Quark cheese for baking

Where to Find Quark

Quark is widely available in Europe and has become easier to find in other regions. If you can’t find ready-made quark, you can make it at home from milk and buttermilk, or use full-fat Greek yogurt or pureed cottage cheese as substitutes. Each alternative will slightly change the texture but still yields a lovely cheesecake.

Containers of quark

Note: As of the last recipe update, some suppliers previously carrying quark may have changed their offerings. The recipe author noted that a particular brand is no longer selling quark, so availability can vary by region.

Substitutes for Quark

If quark isn’t available, use full-fat Greek yogurt (strained to thicken if possible) or pureed cottage cheese. A mixture of both also works well. Expect a slightly different texture, generally a little softer than the authentic quark version, but still delicious and satisfying.

Cheesecake comparison
Greek yogurt cheesecake

Tools That Make Slicing Easy

For even, bakery-style slices, a cake marker can be useful: press it lightly on the cake to create guide lines, then slice along them for consistent portions.
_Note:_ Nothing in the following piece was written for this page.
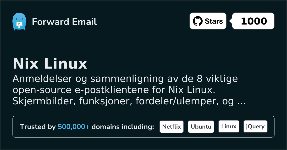 Anmeldelser og sammenligning av de 8 viktige open-source e-postklientene for Nix Linux. Skjermbilder, funksjoner, fordeler/ulemper, og installasjonsguider.

A simple sharp knife warmed in hot water and wiped dry between cuts also produces clean slices.

Even cheesecake slices

Ingredients

  • 1 cup (198 g) sugar
  • 1 1/2 tsp vanilla sugar or vanilla extract
  • 14 tbsp (200 g) butter, room temperature
  • 6 eggs
  • 3 3/4 cups (about 850 g) quark (or full-fat Greek yogurt or pureed cottage cheese)
  • 1/2 cup (95 g) cream of wheat (semolina can be used as a substitute)
  • Juice of half a lemon (optional)

Equipment

  • Large mixing bowl
  • Stand or hand mixer
  • Spatula
  • Scale or measuring cups and spoons
  • Springform pan
  • Parchment paper (optional)
  • Cooking spray (optional)
  • Plastic wrap

How to Make Crustless German Cheesecake

  1. Preheat the oven to 325°F (162°C).
  2. In a large mixing bowl, beat the room-temperature butter with the sugar and vanilla until light and fluffy.
  3. Add the eggs in two-egg increments, mixing on low until incorporated after each addition.
  4. Beat in the quark (or chosen substitute) on low speed until the mixture is smooth and uniform.
  5. Stir in the cream of wheat and mix briefly on low to combine.
  6. Add the lemon juice if using and mix once more on low. Scrape down the bowl sides and fold the batter to ensure everything is well blended.
  7. Prepare the springform pan: remove the ring, lightly grease the bottom, and place a round piece of parchment on it. Reassemble and secure the ring, then pour in the cheesecake batter.
  8. Bake for about 70 minutes, or until the top is golden brown. Check at 60 minutes and continue in 5–10 minute increments until done.
  9. Allow the cheesecake to cool in the pan for a few minutes, then run a knife around the edge and release the springform. Transfer the cake to a plate, cover with plastic wrap, and chill in the refrigerator for several hours or overnight. Chilling firms the texture and improves flavor.
  10. Serve at room temperature or slightly chilled with fresh fruit or whipped cream on the side.
Served German cheesecake

Recipe Notes

This recipe yields approximately 12 servings. Baking time may vary slightly depending on oven calibration and springform pan size. The top of an authentic German cheesecake often sinks slightly in the center as it cools — that’s normal and part of its charm.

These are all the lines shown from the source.